Federal Highway Administrator Rodney Slater, Missouri Highways and Transportation Department Chief Engineer Joe Mickes and Kurt Brown of the Illinois Department of Transportation will be in Cape Girardeau Friday to participate in groundbreaking ceremonies for the Bill Emerson Memorial Bridge.
The ceremony, to be conducted by the highway department and the Cape Girardeau Chamber of Commerce, will be held at Asher Street and new Highway 74 at 3:30 p.m.
Among lawmakers who will attend are Republican U.S. Sens. Christopher "Kit" Bond and John Ashcroft of Missouri and Republican U.S. Reps. Glenn Poshard and Jerry Costello of Southern Illinois. Area state legislators. Missouri and Illinois highway officials and Flat Iron Construction Co. representatives have been invited.
Also attending will be Jo Ann Emerson, wife of the late U.S. Rep. Bill Emerson and an independent candidate for 8th District representative, and Marie Hahn, Bill Emerson's mother.
A tent will be set up at the groundbreaking site, which is about a block east of the South Sprigg-Highway 74 intersection.
Seven of the officials will address the ceremony, said John Mehner, president of the Chamber of Commerce. Speakers will include Slater, Brown, Mickes, Ashcroft and Bond.
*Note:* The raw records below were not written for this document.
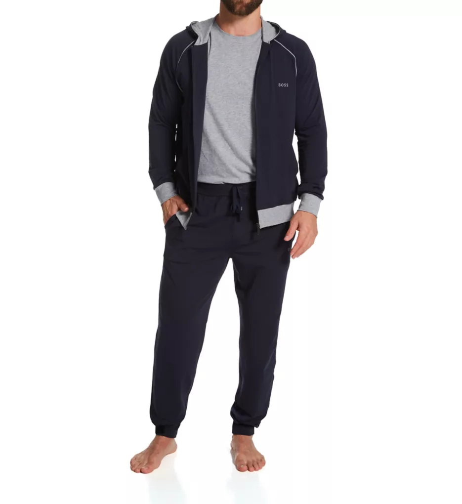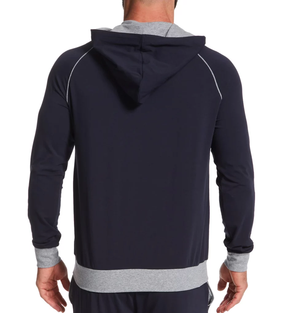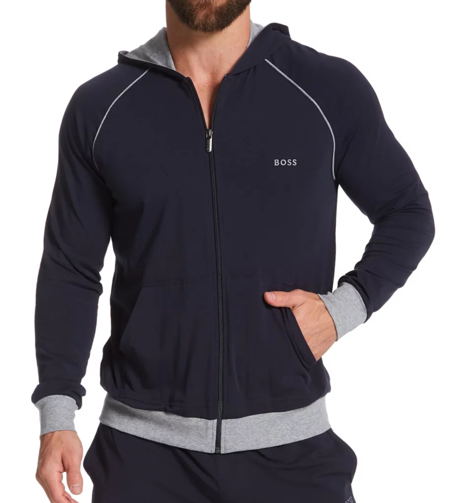 Soft zip front lounge hoodie with sophisticated styling. Made of knit cotton with elastane.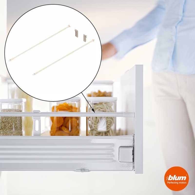 Barres latérales longitudinales rondes avec adaptateur pour l'arrière des tiroirs Blum Metabox M de hauteur 86 mm et 50 cm de profondeur. Contenu: 2 pcs.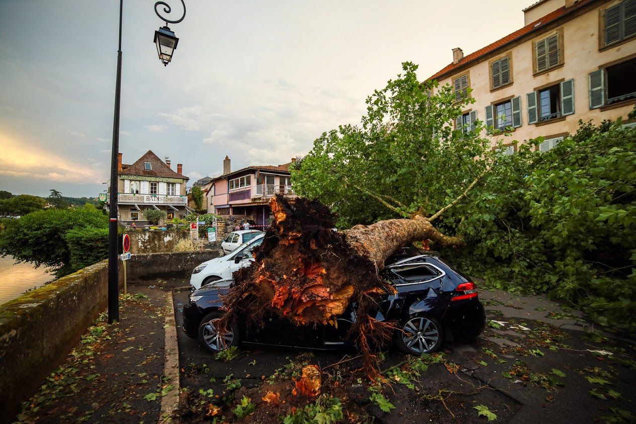 Alain Bayol responsable de Figeac Bike au bord du Célé raconte : « En 30 secondes c’est devenu une tornade avec des trombes d’eau, du vent, on ne voyait pas à 3 mètres, un véritable mur d’eau, ça a duré 15 minutes, c’était très intense et impressionnant, les vitres du magasin tremblaient, on entendait des chocs, quand le calme est revenu j’ai constaté les dégâts avec les platanes couchés sur les voitures, j’étais très impressionné. »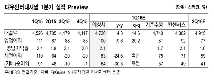 이미지 확대보기대우인터내셔널의 1분기 실적은 매출액 4조7200억원(4% y-y), 영업이익 1002억원(-10% y-y), 세전순이익 826억원(-25% y-y)으로 시장 컨센서스를 상회할 전망이다.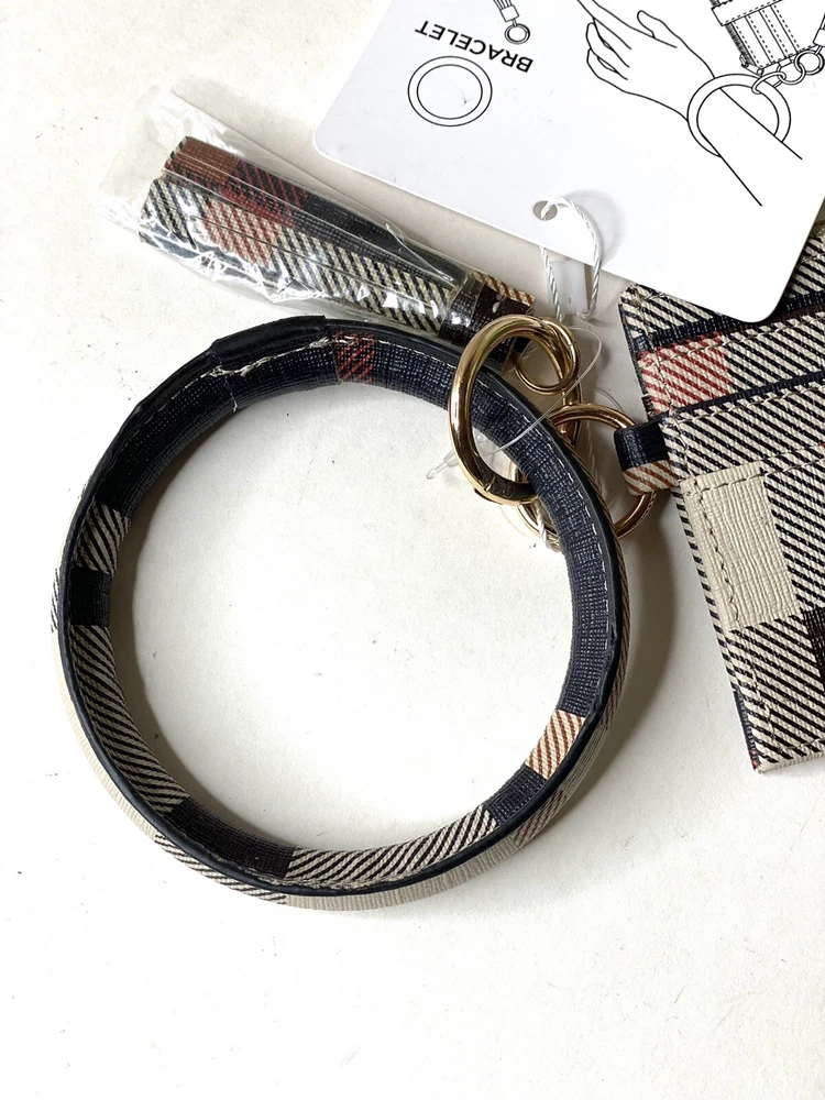 This is a Gangnam Print Ring Loop Cardholder Wristlet made of Faux Leather in Multicolor. It features a Vegan Leather fabric, a Key Ring, Coin Accent, and Tasseled design. The item is a small size (S) and has a Lanyard Style Bracelet with a length of 4.5 inches and width of 3.5 inches. It is designed for women, with a focus on functionality as a Card Wallet.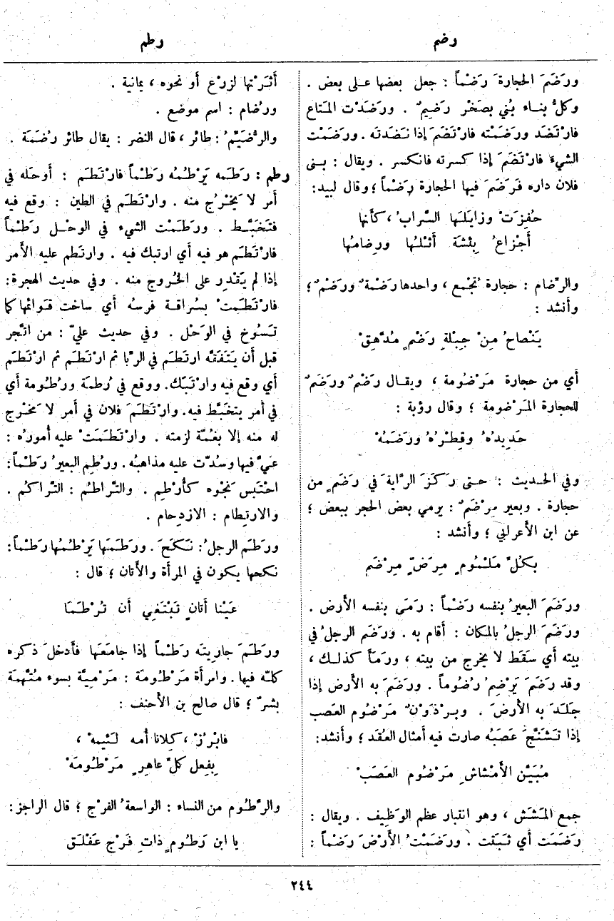 جَمْعُ المَشَش، وَهُوَ انْتِبَارُ عَظْمِ الوَظيف. وَيُقَالُ: رَضَمَت أَي ثَبَتت. ورَضَمْتُ الأَرْضَ رَضْماً: أَثَرْتها لزرْع أَو نَحْوِهِ، يَمَانِيَّةٌ. ورُضام: اسْمُ مَوْضِعٍ. والرُّضَيِّمُ: طَائِرٌ، قَالَ النَّضْرُ: يُقَالُ طَائِرٌ رُضَمَة.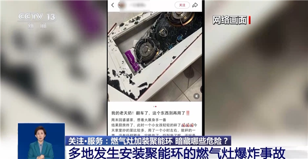 今日,央视新闻报道了燃气灶加装聚能环的问题,并公布多起因加装聚能环导致燃气灶玻璃面板爆裂的案例。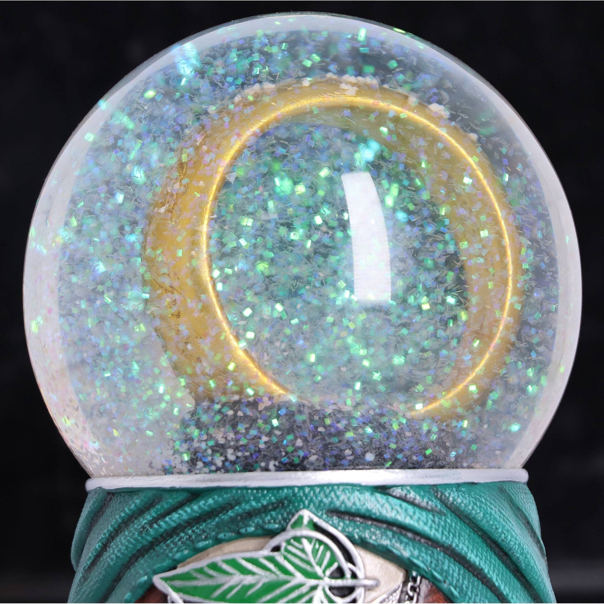 Die Basis dieser wunderschön gestalteten Schneekugel bilden Frodos grüner Umhang, die Vorderseite seines braunen Button-Down-Blazers und sein cremefarbenes Hemd. Das ikonische Lorien-Blatt befindet sich direkt unter der Oberkante und bildet den perfekten Mittelpunkt. Auf der Rückseite trägt es den Spruch „Selbst der kleinste Mensch kann den Lauf der Zukunft verändern.“ Im Inneren des Globus steht der Eine Ring im Mittelpunkt, umgeben von der Inschrift „One Ring to Them All“. Dieses exquisit gestaltete Stück wird aus feinstem Elfenharz gegossen und anschließend von Experten handbemalt.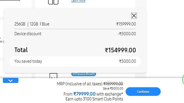સેમસંગની ઓફિશિયલ વેબસાઈટ પર તમારા માટે ફરી એકવાર મજબૂત ઓફર લાઈવ છે. આ અદ્ભુત ઓફરમાં, તમે સેમસંગનો ફોલ્ડેબલ ફોન Galaxy Z Fold 5 તમામ ઑફર્સ સાથે MRPની અડધી કિંમતે ખરીદી શકો છો. ફોનના 12 જીબી રેમ અને 256 જીબી ઇન્ટરનલ સ્ટોરેજવાળા વેરિઅન્ટની એમઆરપી 1,59,999 રૂપિયા છે. કંપની તેને 1,54,999 રૂપિયામાં ડિસ્કાઉન્ટ પછી ઓફર કરી રહી છે.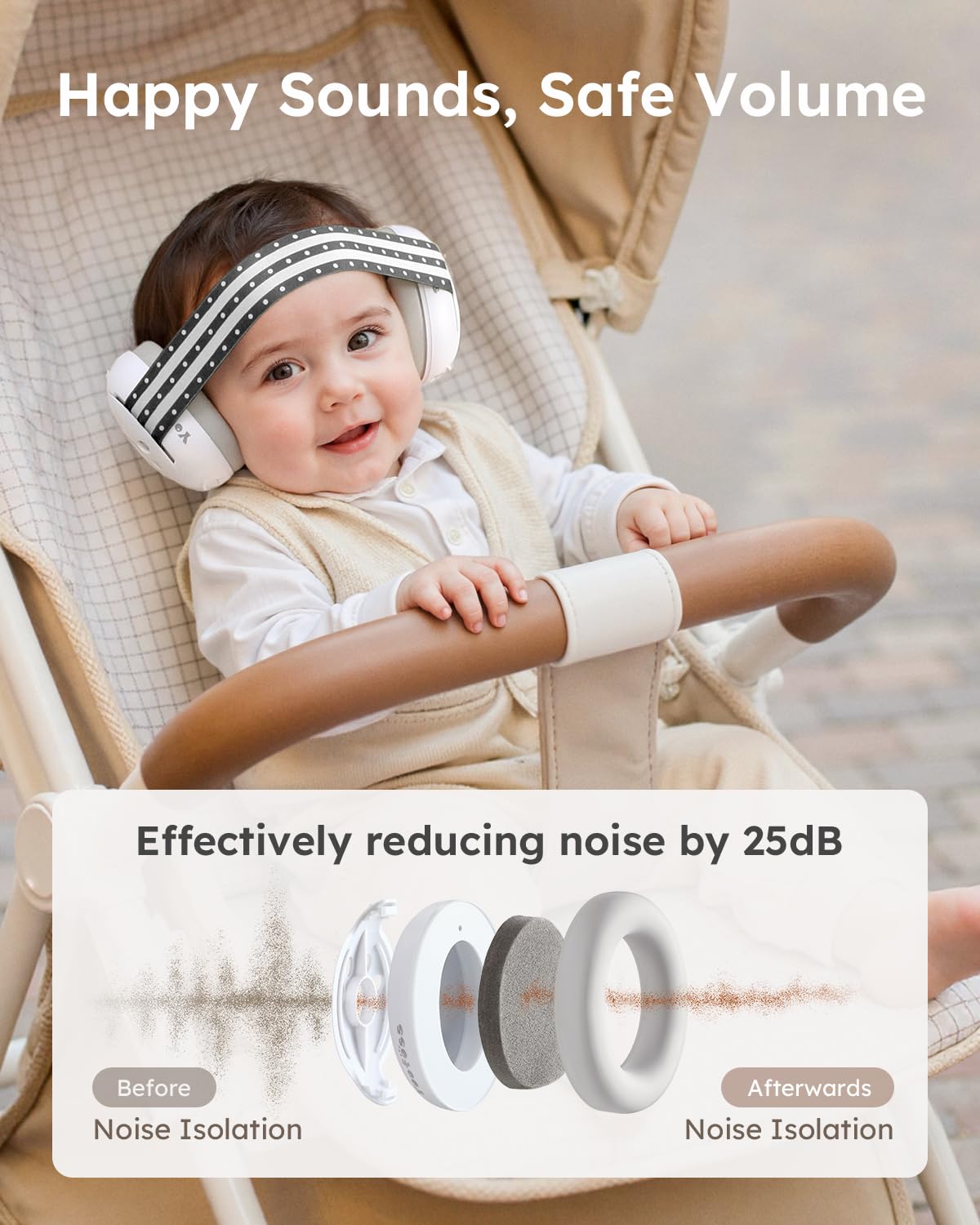 Safe and Comfortable: The soft baby headphones for noise insert with professional noise reduction sponge, covered with artificial leather, and have good closure. After professional laboratory testing, our baby noise reduction earmuffs can achieve a noise reduction effect of 25db; the outer shell is made of ABS, which is sturdy and durable. It does not contain harmful chemicals such as BPA and silicone. It is friendly and non-irritating to the baby’s delicate skin.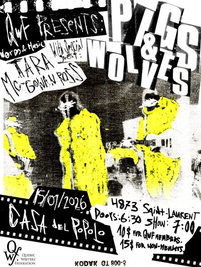 Part of the Quebec Writers’ Federation’s Words & Music series.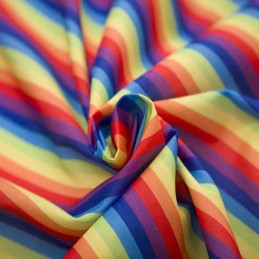 Perfect for dresses, skirts, children’s clothing, bags, cushions, and craft projects, this rainbow stripe fabric ensures every make is full of fun and personality.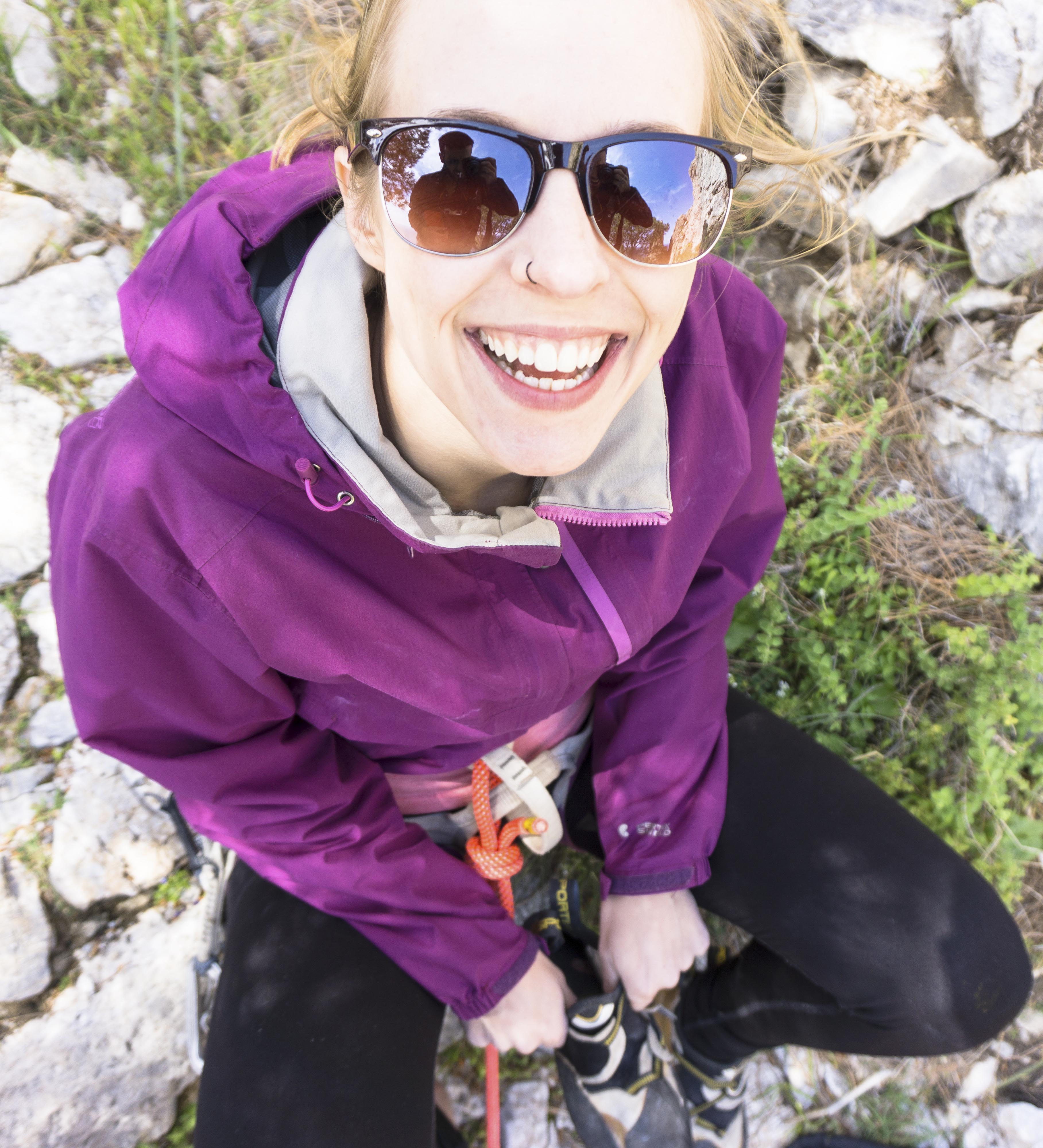 Katie on ‘Blu’ (6a/5.10b) on Afternoon Wall. Nicole also climbed this route, terrifying everyone on the ground by clipping runout bolts after they were already beneath her knees. While we were all internally freaking out, she was cruising.
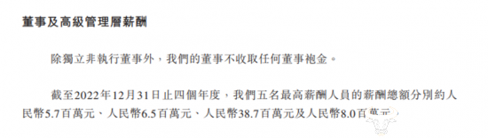据公司招股书显示,截至2022年12月31日的四个年度,公司五名最高薪酬人员的薪酬总额分别约为5.7百万、6.5百万、38.7百万以及8百万元,不知朱江的薪酬是否包含在内。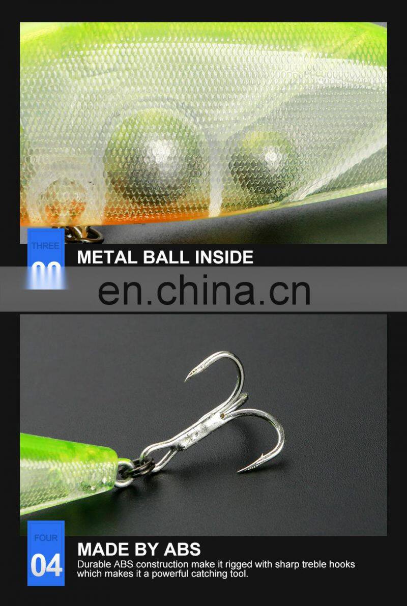 4.MADE BY ABS:Durable ABS construction make it rigged with sharp treble hooks which makes it a powerful catching tool.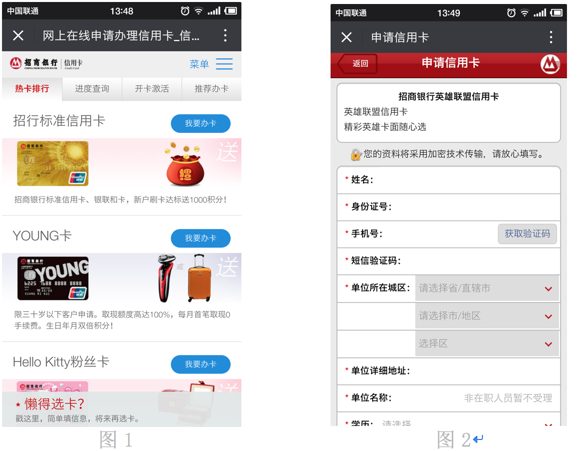 - 图2是招行信用卡在后续投放过程中更加直接的落地页,通过精准定向推给目标用户,且直接给到用户需要填写的信息页面,减少用户选择;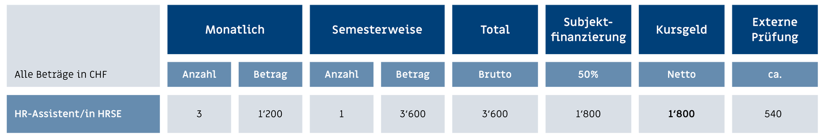 Der Bund unterstützt Studierende bei ihrer Vorbereitung auf eidgenössische Berufsprüfungen (eidg. Fachausweis) und höhere Fachprüfungen (eidg. Diplom) mit finanziellen Beiträgen im Rahmen der Subjektfinanzierung mit 50% der Unterrichtskosten, Lehrmittel und Materialien. Diese Subvention wird nach Absolvierung der eidgenössischen Prüfung, unabhängig vom Prüfungsresultat, auf Antrag des Studierenden vom Bund ausgerichtet. Falls Sie die eidgenössische Berufsprüfung «HR-Fachleute» nachfolgend absolvieren, erhalten Sie auch einen Bundesbeitrag von 50% auf den Preis des Bildungsgangs HR-Assistent:in HRSE.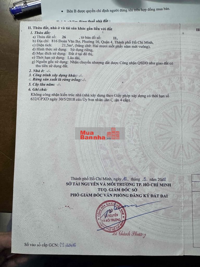 Quý vị đang xem nội dung tin rao "🏡 BÁN NHÀ MẶT TIỀN ĐƯỜNG ĐOÀN VĂN BƠ, PHƯỜNG 16, QUẬN 4 – GIÁ CHỈ 2,8". Mọi thông tin, nội dung liên quan tới tin rao này là do người đăng tin đăng tải và chịu trách nhiệm. Muabannha.vn luôn cố gắng để các thông tin được hữu ích nhất cho quý vị tuy nhiên Muabannha.vn không đảm bảo và không chịu trách nhiệm về bất kỳ thông tin, nội dung nào liên quan tới tin rao này.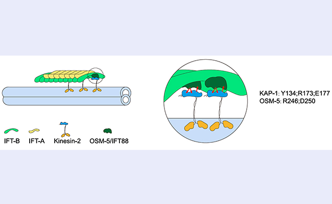 9月17日,kaiyun开云官方网站生命科学学院欧光朔教授课题组在《当代生物学》(Current Biology)发表题为“IFT88-KAP相互作用介导驱动蛋白-2与IFT耦合的保守机制”的研究论文。该研究通过AlphaFold结构预测、系统突变筛选、线虫遗传互补与人类细胞验证等多项技术,首...

Flat Iron Structures Co. of Longmont, Colo., has the contract for construction of the first phase of the bridge across the Mississippi River at Cape Girardeau. The Missouri Highways and Transportation Commission awarded a $50,854,029 contract for the major part of the Route 74 bridge July 5. The contract consists of construction of the cable-stay section of the bridge, which will span the navigational channel of the river.
Two separate projects will be let later for construction of the remaining section of the bridge, which will cross into Illinois and over wetlands in that area.
The work will be coordinated to complete the entire structure at one time. Construction of the bridge will start in early October with a completion timetable of three to four years.
Work is already under way on an Interstate-55 interchange at the Bloomfield Road intersection that eventually will connect the interstate and the bridge route.
The four-lane span will replace a two-lane bridge that was constructed during the mid-1920s.
Overall cost of the new bridge, which will be just south of the existing span, is expected to range between $85 million and $90 million. Eighty percent of the funding is being provided by the federal government.